On 25 July 2021, Popescu scored in a 4–1 league defeat of his former youth team Universitatea Craiova, and on 12 September netted in a 6–0 derby thrashing of Dinamo București. In January 2022, he opened the scoring in successive fixtures against CFR Cluj (3–3 draw) and Dinamo București (3–0 win). Popescu scored the only goal of a championship play-off match against CFR Cluj on 17 April, representing FCSB's first win at the Dr. Constantin Rădulescu Stadium in almost eight years. He amassed 38 appearances and ten goals in his second season in Bucharest.

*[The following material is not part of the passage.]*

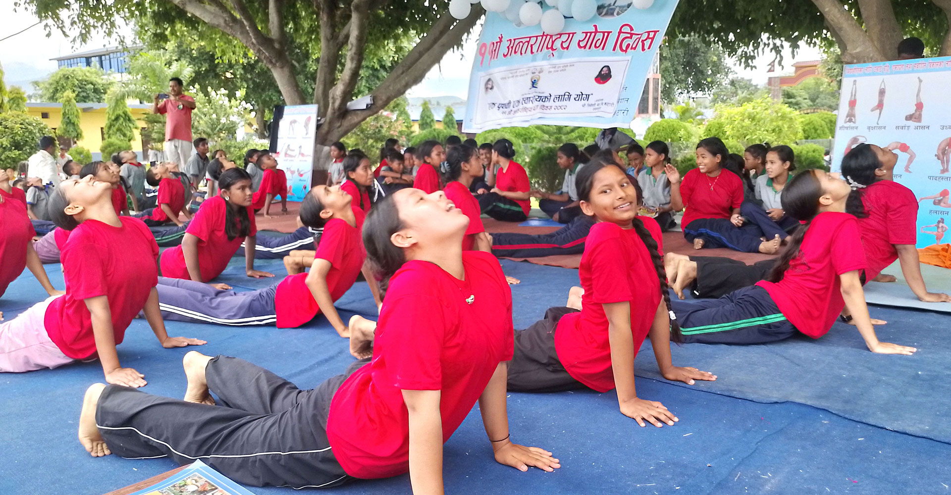 काठमाडौँ, ७ असार : अन्तर्राष्ट्रिय योग दिवस नेपालमा पनि आज विभिन्न कार्यक्रम आयोजना गरी मनाइँदै छ । अन्तर्राष्ट्रिय योग दिवस हरेक वर्ष जुन २१ तारिखका दिन विभिन्न जनचेतनामूलक कार्यक्रम आयोजना गरी मनाइन्छ । संयुक्त राष्ट्र सङ्घको महासभाले सन् २०१४ मा गरेको निर्णय अनुसार सन् २०१५ जुन २१ देखि अन्तर्राष्ट्रिय योग दिवस मनाउन थालिएको हो । भारतीय प्रधानमन्त्री नरेन्द्र दामोदरदास मोदीले संयुक्त राष्ट्र सङ्घको ६९ औँ महासभामा योग सबैका लागि सधैँका लागि आवश्यक भएकाले अन्तर्राष्ट्रिय योग दिवसको घोषणा गर्न प्रस्ताव गर्नुभएको थियो ।

Ahead of the 2022–23 campaign, Popescu switched his shirt number from 9 to 11, but at the end of July was handed the number 10 jersey and also appointed vice-captain as a result of Florin Tănase's imminent departure. After a several-month goal drought, he scored his first goal of the season on 6 November, in a 3–1 derby win over Rapid București. It was a disappointing year for Popescu, only totalling four goals in all competitions, the last in another game against Rapid in which he was sent off less than 20 minutes after he came on, on 27 May 2023.

On 29 July 2023, in the first league match after his suspension expired, Popescu opened a 2–0 away win over newly-promoted Oțelul Galați. He scored his first goal in European competitions on 3 August, his late winner helping defeat CSKA 1948 3–2 at home and 4–2 on aggregate in the second qualifying round of the UEFA Europa Conference League.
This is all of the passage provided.